Creamy Chicken Chili

Creamy Chicken Chili
4 from 1 ratings
As the weather is changing it seems that Chili is in the air.  While at the grocery store I picked up a package of 2 bone in chicken breast and had all of the other ingredients handy.   This was our lunch and we really enjoyed this creamy chicken chili which is a great paleo recipes and gluten free.  Enjoy For this recipe and other entertaining tips from Cindy's Table, click here.
  • 1 1/2 pound bone-in chicken breasts
  • 4 tablespoon olive oil (divided)
  • 1 teaspoon sea salt
  • 1/2 teaspoon freshly ground pepper
  • 1 small onion, chopped (about 1/2 cup)
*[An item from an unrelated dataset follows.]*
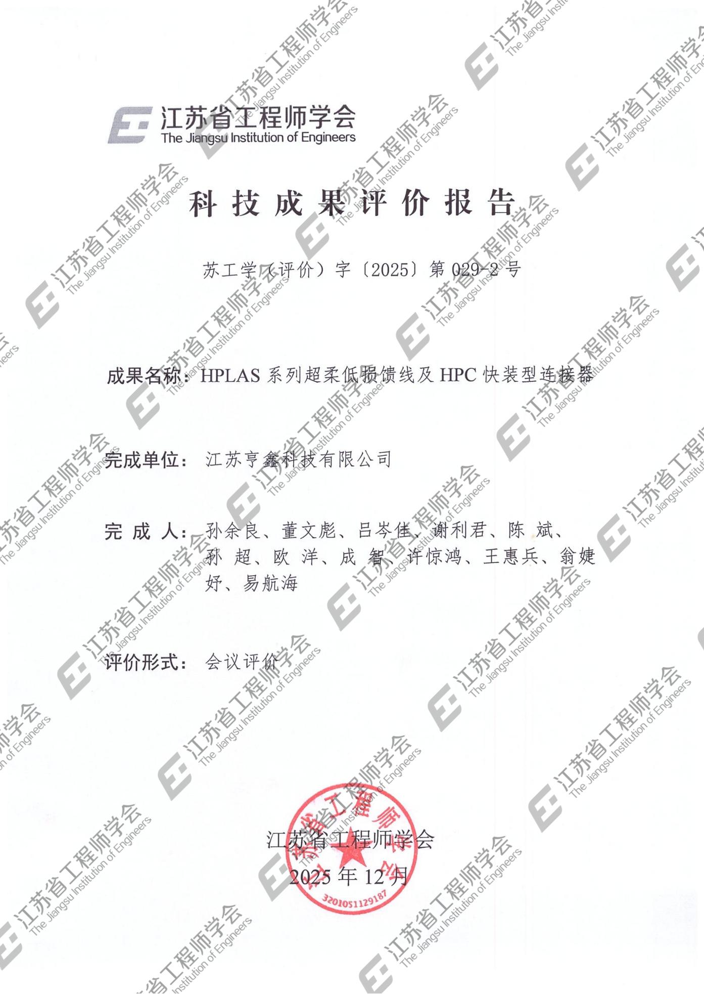 苏工学(评价)字〔2025〕第29-2号 HPLAS系列超柔低损馈线及HPC快装型连接器

  • 2 cloves garlic, minced
  • 1 teaspoon dried simply organic basil
  • 1 teaspoon dried simply organic oregano
  • 1 teaspoon dried simply organic parsley
  • 1/4 teaspoon simply organic red pepper flakes
  • 3/4 cup white mushrooms, chopped
  • 3 cup chicken broth
  • 1/4 can full fat canned coconut milk
  1. Directions
  2. Preheat oven to 350. Prepare a baking sheet lined with foil. (for easy clean up). Season chicken with 2 tablespoons olive oil, salt and pepper. Bake for 35 minutes. Let cool. In a large pot over medium heat add 2 tablespoons oil then add onion and garlic and saute for 5 minutes. Stir in basil, oregano, parsley, pepper flakes and mushrooms. Continue to saute for 5 minutes. Add chicken stock. Bring to a low boil, cover and reduce heat to simmer. Break apart chicken and add to pot. Add in coconut milk, cover for 10 minutes.